Canadian national Danny Gauthier operates Ultamex, a company claiming to eliminate world poverty and debt while creating international aid and wealth for its members. The website offers no management details, but domain registration for Ultamex.com points directly to Gauthier.
Gauthier's history includes a string of matrix-based recruitment schemes. His previous venture, WeNetProfits, launched around 2009 as another recruitment-driven opportunity. That program, like its predecessors, eventually fizzled out, prompting the launch of Ultamex. Before WeNetProfits, Gauthier administered Seed2Wealth in 2007 and United TSI in 2006. Both of these also operated as recruitment-focused matrix companies that ended. Gauthier dismisses the repeated failures of these earlier programs as merely "4 years of market and software testing." This explanation attempts to reframe a consistent pattern of short-lived recruitment ventures.

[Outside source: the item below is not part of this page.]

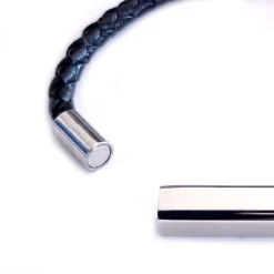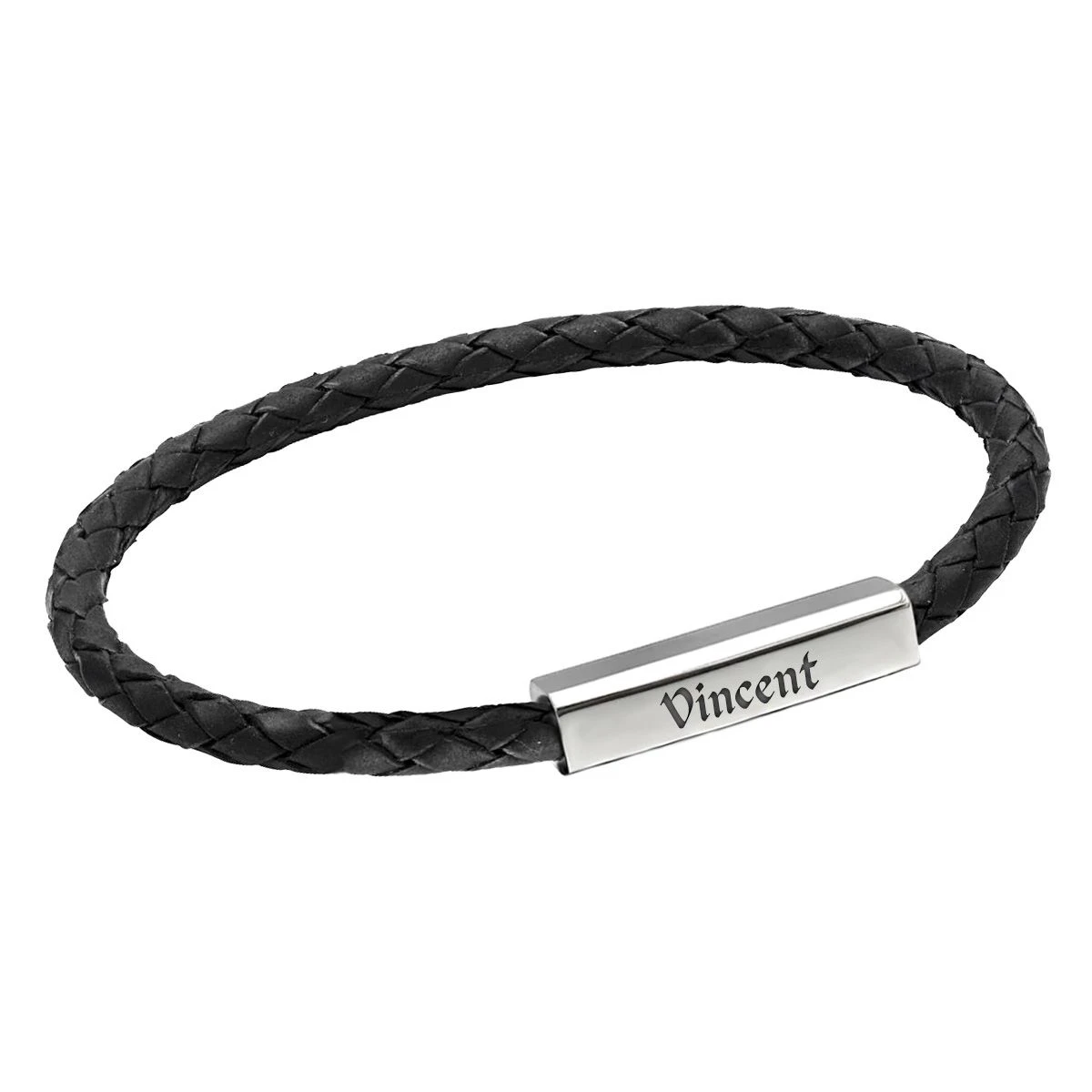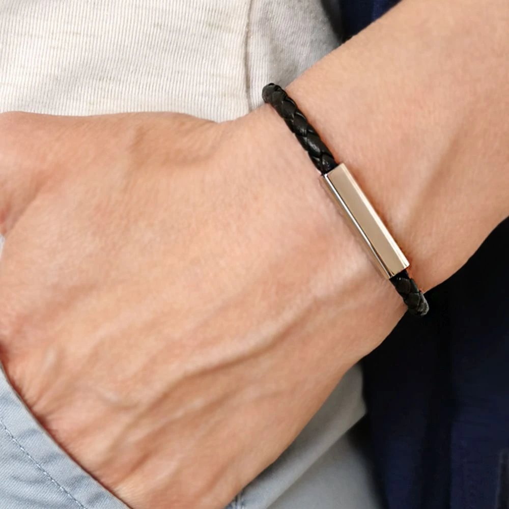 Bracelet en cuir noir de style raffinĂ© et moderne, avec un fermoir en acier inoxydable magnĂ©tique qui s’accorde parfaitement Ă tous les poignets avec ses 3 longueurs disponibles au choix: 17, 19 et 21 cm. Ce bracelet se compose d’un unique brin tressĂ©. Il se distingue par un fermoir avec les quatre faces gravables ce qui lui donne un look totalement unique. La première gravure diamant est offerte, c’est un superbe cadeau Ă faire pour toute occasion.

Ultamex offers no retail products despite its grand mission to eliminate global poverty. Instead, members gain access to thousands of digital downloads. These include e-books, blog themes, videos, software, and clipart. Most downloads focus on marketing, but some titles vary significantly, such as "Jesus: The Gift of Life Everlasting" and "Yoga for beginners" from the e-book section. The digital library serves as the core offering for a company with such ambitious, humanitarian-sounding goals.
The Ultamex compensation plan centers on a series of matrices, all fed by a mandatory company-wide queue. Members pay a fee to enter this feeder queue. They only move into a matrix once three new members are placed directly beneath them in the queue. These new members can be direct recruits brought in by the member themselves, or individuals recruited by other existing members within the company's structure. A $25 commission is paid to a member each time a new person is successfully placed under them in the feeder queue.

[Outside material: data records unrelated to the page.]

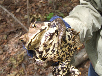 5月20日「櫻守の会」主催で行われた「親子森づくり体験」で子どもに捕まりました。可愛いという子どもと嫌がる親子。ガマいわく、おれの身にもなってみろ。 近くでは、ホオノキの花が咲いていました。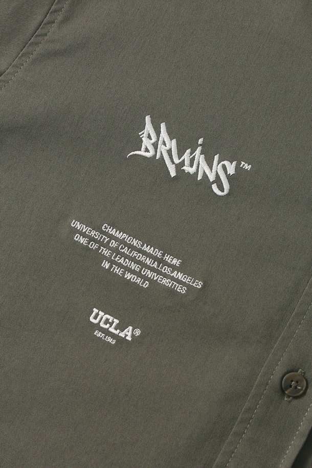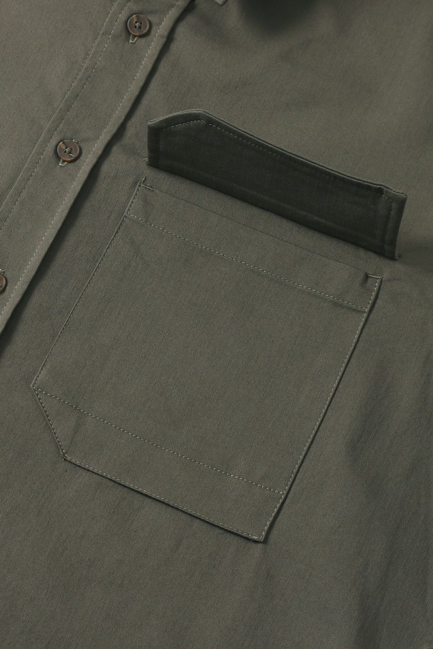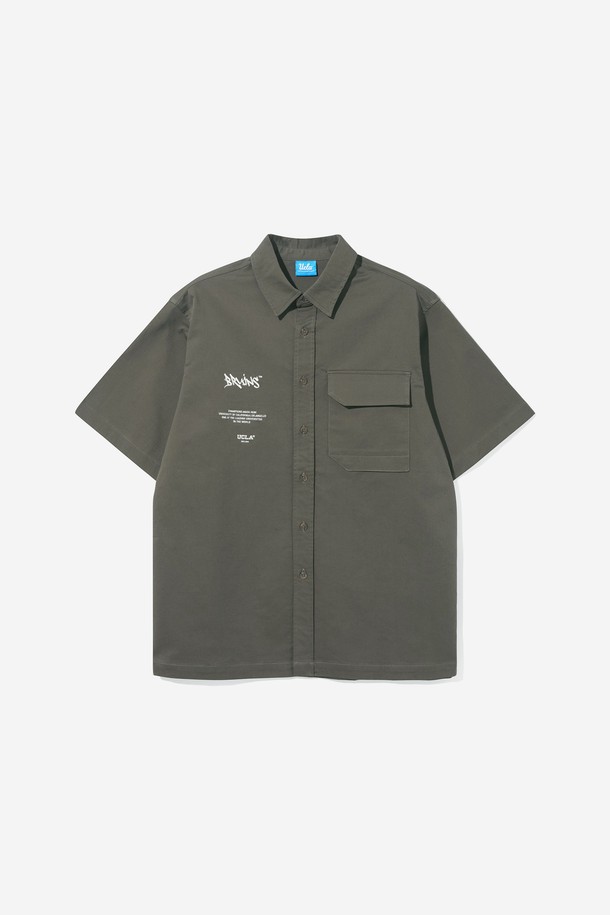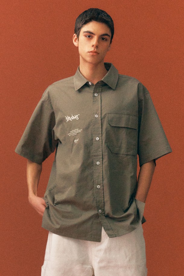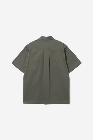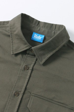 남녀공용 오버핏 코튼 혼방 트윌 반팔 셔츠[KHAKI](UB3SS1A_65)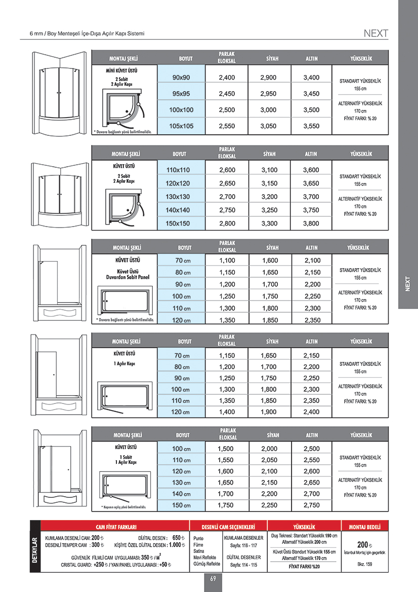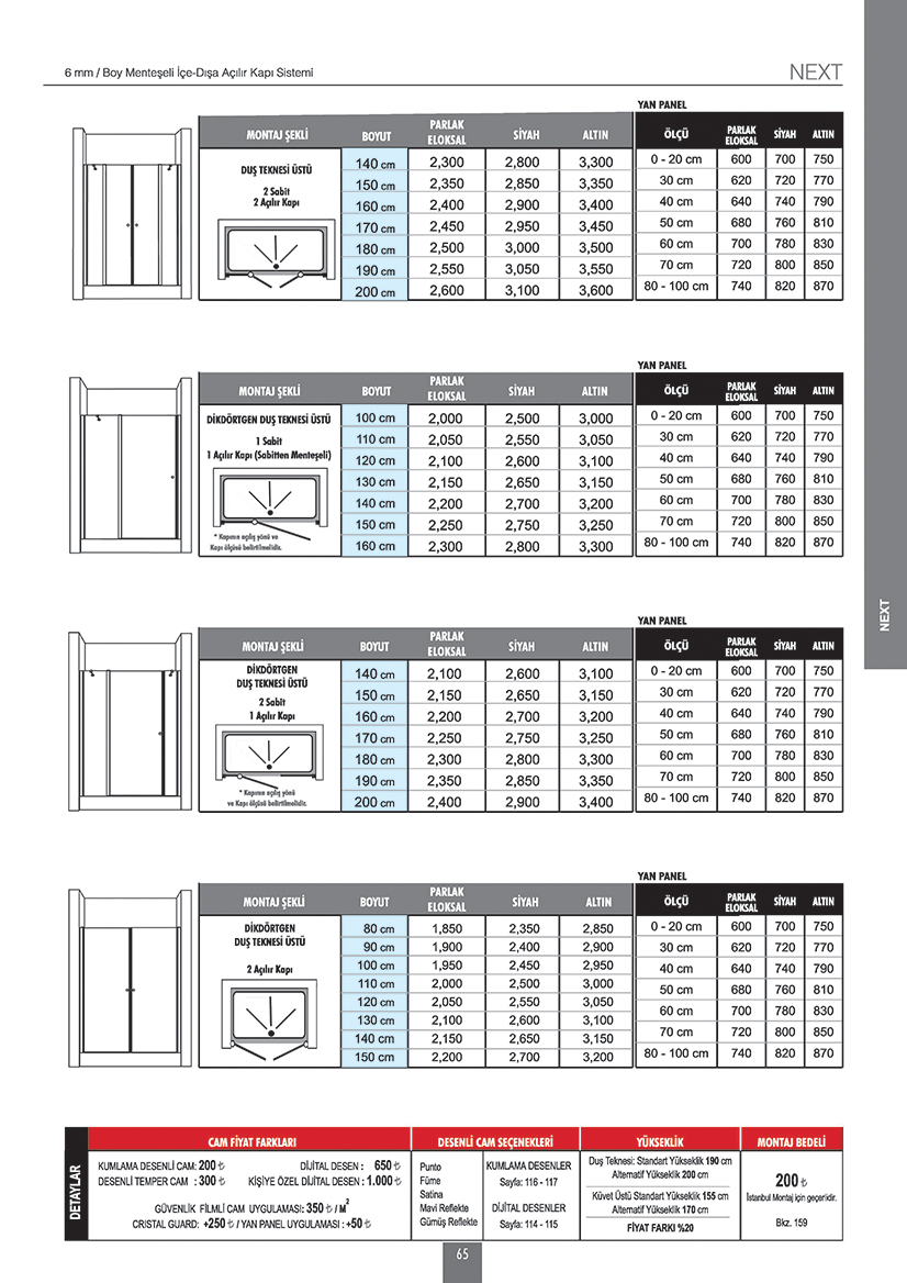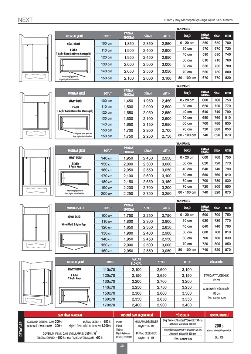 6 mm / Boy Menteşeli İçe-Dışa Açılır Kapı Sistemi

Ultamex itself generates "dummy member" positions. One such dummy position takes the fifth spot in a member's feeder queue. This action effectively pushes a member at the top of the feeder queue into their designated matrix. After this push happens three times, the member automatically receives a re-entry position back into the feeder queue. This re-entry mechanism applies consistently across all Ultamex matrices, reinforcing the continuous cycle of recruitment and placement.
The Ultamex structure, with its emphasis on continuous recruitment and a complex internal member movement system, mirrors the operational model of Gauthier's previous short-lived matrix schemes.